The computations of SIFs are under the degree of interpolation polynomials p = 1, 2, ..., 8 for all of the examples. Comparisons of the numbers of elements used by different numerical methods are listed in

Table 11. The numbers of elements used for different numerical methods.

	Model 1	Model 2	Model 3	Model 4	Model 5
Present	252	39	142	329	580
Ref [37]	4410	—	—	—	—
Ref [6]	—	—	—	—	—
Ref [38]	—	423	—	—	—
Ref [7]	—	—	2494	—	—
Ref [8]	—	—	—	—	—
Ref [40]	—	—	—	3678 nodes	—
Ref [41]	—	—	—	2489 nodes	—
Ref [42]	—	—	—	—	3600 collocation points
Ref [43]	—	—	—	—	1858 physical patches

Model 1: A central straight crack plate; Model 2: A slanted single-edge crack plate; Model 3: The offset double-edge cracks plate; Model 4: A branched crack in an infinite plate; Model 5: A crucifix crack in a square plate.
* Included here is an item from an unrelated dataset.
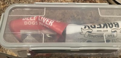 This container is the perfect size to pack food for our dog for our quick weekend getaways. The lid easily snaps on and off and it’s airtight seal locks in freshness, ensuring that our pet's food/treats stays fresh. It’s compact enough to throw in a bag and we don’t have to worry about the food spilling out. Super easy to clean and it’s dishwasher safe.

. In the computations of the first model, the total number of discretizing meshes is 252, and the maximum DOF is 15,678; in the second to the fifth models, the total number of discretizing meshes is 39, 142, 329 and 580, respectively, and the maximum DOF is 2524, 9064, 20,722 and 36,206, respectively. The above examples show that coarse meshes are enough to obtain quite accurate SIFs using the present method. It can be seen that the convergences are very fast with the increasing of degree p from 1 to 8, the accuracy of the SIFs obtained by the present method is also satisfactory, and the SIFs have better stability.

5. Conclusions

The SIFs of several classical LEFM models were evaluated based on the P-FEM and CIM, and compared with the results in the literature to verify the effectiveness and accuracy of the present method. The following conclusions can be drawn:

• The computation based on the P-FEM and CIM only needs a fewer number of meshes (less preprocessing), has a faster convergence rate, which can not only be used to analyze the single-crack problems, but also can be used to calculate the SIFs of multiple-crack problems. Furthermore, the present method can also be used to analyze three-dimensional fracture problems and simulate the crack growth path.
• The CIM is a super-convergent method based on the Betti’s theorem of reciprocal works. The SIFs are derived by using the displacements and stresses of higher accuracy on the integral path. Therefore, the CIM can obtain results of relatively higher precision.
• The P-FEM does not need fine meshes, has a faster convergence rate and higher accuracy. However, in the study of crack propagation behavior, it is inevitable to meet the problem of remeshing. On the other hand, the XFEM need not consider the internal geometry of structures and materials; it employs the partition of unity (PU) concept to simulate fracture and crack propagation. The XFEM uses the enrichment functions to reflect the local characteristics of the crack tip and avoids remeshing of meshes. The high-order extended finite element method (high-order XFEM), a combination of the P-FEM with XFEM, will probably have the advantages of both: avoiding remeshing as well as obtaining higher accuracy. The study of the high-order XFEM will be an interesting issue.